Il male si aggrava. Satoko, isolata per timore del contagio, entra in una nuova notte dell’anima : la sua vita è stata un fallimento, non ha conquistato nessuno al Vangelo… Eppure il suo esempio ha toccato Ozawa. Sconvolto al vederla dare la sua vita fino in fondo, egli si rivolge a Matsui per annunciargli che pensa di diventare cristiano come lei. Già vacillante, questi cade dall’alto del cinismo in cui si era rifugiato. Risponde al suo capo che desidera anche lui il Battesimo : « Grazie alla vita di Satoko, fatta di amore, di perdono, di misericordia, i miei occhi si sono finalmente aperti. » Entrambi s’iscrivono al corso di catechismo. Al capezzale di Satoko, trovano i suoi genitori e il suo medico. Quest’ultimo suggerisce un nuovo cambiamento d’aria : perché, si chiedono, non installarla in quel Villaggio delle formiche che lei ama tanto ? Gli straccivendoli le costruiscono una stanza di compensato in un angolo del magazzino. Lì lei ritrova il sorriso, ma le sue forze non tornano. « Costretta a letto, non ho altro da fare che rinunciare alla mia volontà propria, pensa. È difficile essere inattiva mentre tutti lavorano. Comunque, ho offerto al Signore tutto quello che possedevo. Come potrei lamentarmi della mia malattia e delle mie sofferenze ? Gesù non ha forse portato la sua croce ? Accettando la mia vita così com’è, posso veramente essere la serva del Signore. » Può comunque alzarsi, camminare un po’ e aiutare Matsui nei suoi compiti amministrativi. La sua gioia è profonda quando viene eretta, vicino alla sua camera, una grotta della Madonna di Lourdes e poi quando si celebrano diversi Battesimi nel Villaggio, tra cui quelli dei due responsabili.

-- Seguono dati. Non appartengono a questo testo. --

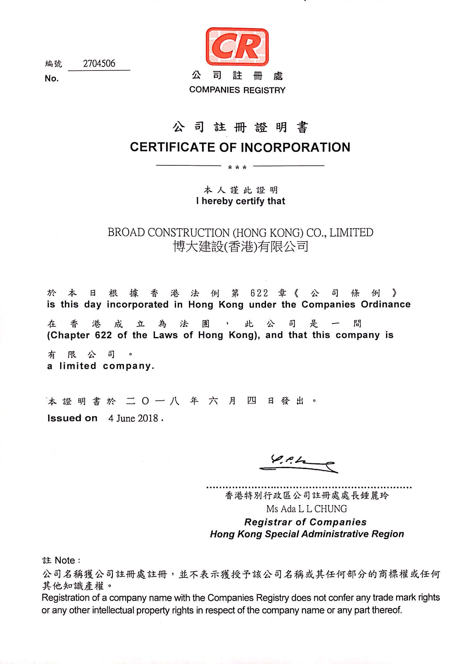 6月4日,博大建設(shè)集團(tuán)香港公司正式注冊成立,博大建設(shè)集團(tuán)總部設(shè)在深圳,加上之前成立的澳門公司,初步完成粵港澳大灣區(qū)的戰(zhàn)略布局。

Nel 1957, Satoko viene a sapere dell’esistenza di un nuovo progetto di distruzione del Villaggio. Matsui si reca in prefettura con una petizione redatta con l’aiuto di Satoko, divenuta celebre per le sue opere. Lei desidera ottenere dal comune un altro appezzamento di terreno per il Villaggio delle formiche. Ce n’è uno nella parte di Tokyo conquistata al mare. Per acquistarlo, servono 25 milioni di yen. Satoko espone nella sua stanza un grande striscione : “25 milioni” e prega instancabilmente. A Natale, i suoi genitori vengono al Villaggio e partecipano a una parte della festa. Il sopralluogo di un funzionario della città risulta positivo. Quando, a gennaio, un impiegato del comune viene ad annunciare che il prezzo è sceso, Matsui non esita ad attribuirne il merito a Satoko : « Ecco fatto, siamo riusciti ed è grazie alle Sue preghiere. Ora, tutto ciò che Lei ha da fare è chiedere la Sua guarigione per poter venire con noi a organizzare il nuovo Villaggio delle formiche sul nostro nuovo terreno. » La risposta è semplice : « No, questo non sarà necessario. Dio ci ha concesso tutto ciò che gli avevamo chiesto. Questo è sufficiente. » Il 22 gennaio 1958, Satoko riceve gli ultimi sacramenti e poi si spegne tranquillamente il giorno dopo, all’età di ventinove anni. Il 23 gennaio 2015, papa Francesco ha riconosciuto l’eroicità delle virtù di Satoko. Il Villaggio delle formiche si trasferì nel 1960 sul terreno conquistato al mare nella baia di Tokyo. Nel 1951, in Francia, l’abbé Pierre aveva fondato le comunità di Emmaus. Uno dei suoi collaboratori, padre Robert Vallade, venne a Tokyo e incontrò Satoko che gli diede saggi consigli per avviare l’opera in Giappone. Dopo la morte di Satoko, il Villaggio delle formiche entrò a far parte dell’organizzazione Emmaus Internazionale.
« La peggior discriminazione di cui soffrono i poveri, scrive papa Francesco, è la mancanza di attenzione spirituale. L’immensa maggioranza dei poveri possiede una speciale apertura alla fede ; hanno bisogno di Dio e non possiamo tralasciare di offrire loro la sua amicizia, la sua benedizione, la sua Parola, la celebrazione dei Sacramenti e la proposta di un cammino di crescita e di maturazione nella fede. » (Evangelii gaudium, 24 novembre 2013, n. 200). Conquistata alla fede cattolica dall’esempio di un discepolo di san Francesco, la stessa Satoko Kitahara ha lasciato lei stessa tutti i vantaggi umani di cui era provvista per mettere questo tesoro della fede, che genera Vita eterna, alla portata dei più poveri. Chiediamole di aiutarci a testimoniare concretamente la nostra fede.